Oh I feel bad, I dragged two of my fellow revellers for two lunches of aïoli provençal! Aïoli is a mayonnaise with plenty of raw garlic. It is served with a feast of boiled vegetables and salt cod. I just got carried away with all things local.

Our first aïoli was on the Thursday, at La Petite Escale, in the rue Fourmillière, on the way to the train station. The cod was fresh, the restaurant was small and off the beaten tourist track, run by husband and wife, or so I presumed … perfect for lunch when the old town can get very busy.

Then came Friday. In Provence, the tradition is for meatless Fridays and for aïoli provençal. This time we went to the traditional Le Bistro du Coin, also small, and down the road from the market, where the dish was served with salt cod, octopus and whelks.

The feast of boiled seasonal vegetables that accompanies the aïoli provençal at Le Bistro du Coin.

Marché Provençal in Antibes

The food market is held each morning until 1pm, except on Mondays in winter.

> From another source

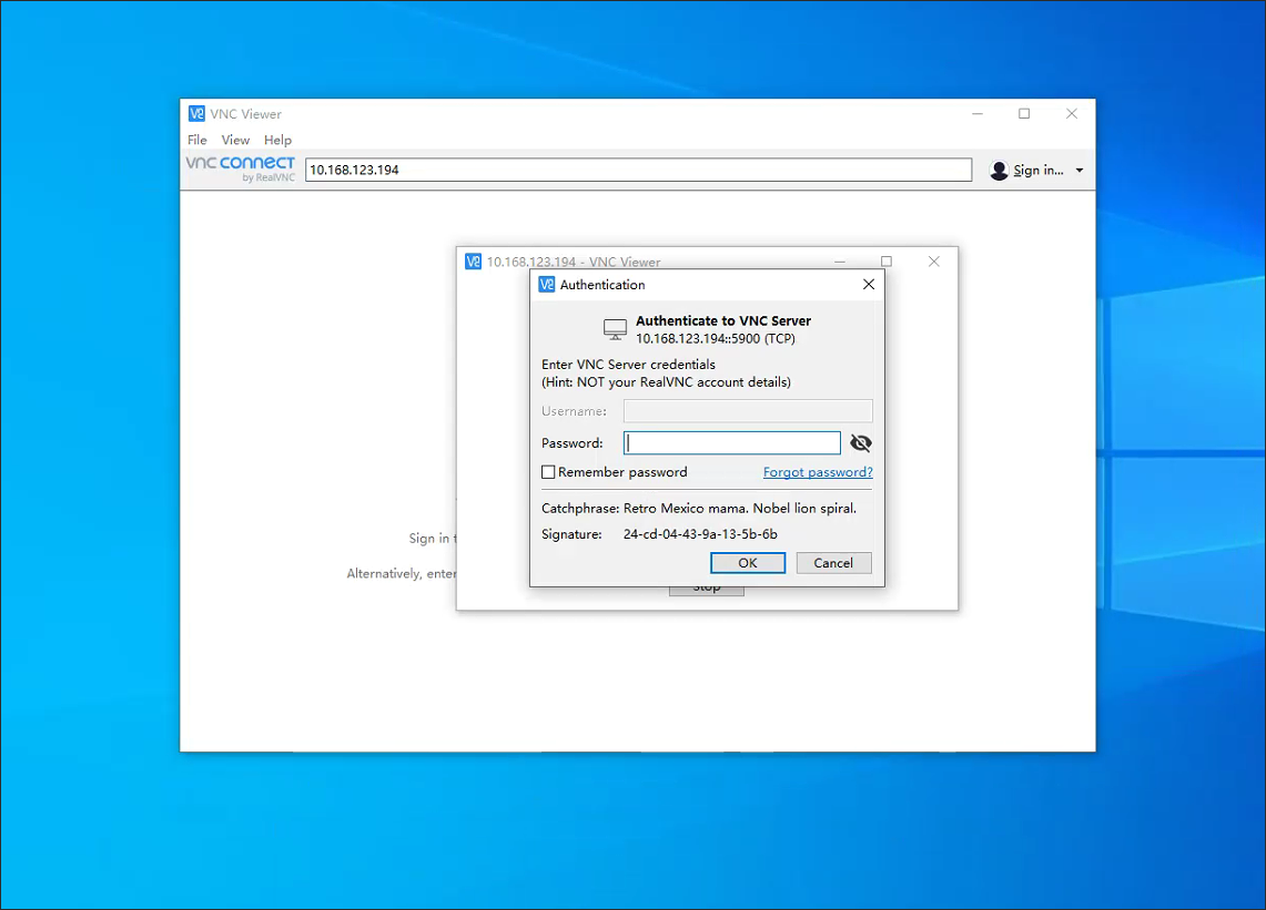 (2)RealVNC Server远程密码设置完成,与RealVNC Server在相同局域网内的主机可通过RealVNC Viewer进行远程控制。

To take home, I bought corn so sweet and tender, grown in someone’s garden, that I didn’t need to cook it; sheep’s cheese from Sardinia and coppa from Corsica.  The Côte d’Azur has a strong connection, or so it seems, with Corsica and Sardinia. And the figs… again from someone’s garden, and so sweet that they never got home.

Best coffee – La Torref De Fersen

We sat outside – no seats inside – at La Torref De Fersen, in the quiet rue de Fersen. Great coffee and great fruit juice by Atelier Patrick Font. I sampled the fig, black tomato and the peach juice – all good.

Only residents can take their cars into the old part of town, with its granite setts…

Best ice cream in the South of France

Gelataria del Porto … near the market. Mine was passion fruit and mango… apologies for the lick marks in the photo… desire for eating good ice cream is stronger than the desire to take photos.

Restaurant Jeanne

On the first evening we ate at Chez Jeanne. I found out about Restaurant Jeanne from the brilliant Raisin natural wine app.

You need to book. It is run by two sisters. Here is one of them, as she served us a very nice wine: Les Terres Blanches, Gamay de Bouze ‘Pot d’Vache’, from the Loire Valley.

The wine was perfect for what we ate… and it was natural wine, so no ‘stuff’ added. I am not a paté or cold meat person, but what we ate was divine… made by the fifth generation of producers. Then the aubergine dish – a take on parmigiana. Followed by dessert (not featured).

Blue, blue, blue

Antibes is about the colour blue: blue sky, blue sea. The first day I swam off the Cap d’Antibes. The second day at the Plage de la Gravette. This is a sandy beach in a wide cove, just ten minutes’ walk from the old town, near Port Vauban. Perfect. Not too crowded in September.

View towards Port Vauban from outside the old town walls.

Past the fun fair as we walked down to the beach.

The ‘Nomad’ sculpture in the harbour by Catalan artist, Jaume Plensa. Also the featured image.

Other addresses in Old Antibes

  • Restaurant Entre 2 Vins – good for natural wine, and only open in the evenings. There was no room when we tried to go there… but it looked good.
  • Jean Luc Pelé for cakes, chocolate and bread. We went there for breakfast in their ‘chocolate’ cave – the walls are plastered with chocolate.
  • Boulangerie Veziano for croissants and bread, near the market.
  • Confiserie Lilamand for candied fruit, jam and calisson, a local ground almond delicacy from Aix-en-Provence, but here you can also find them with candied ginger.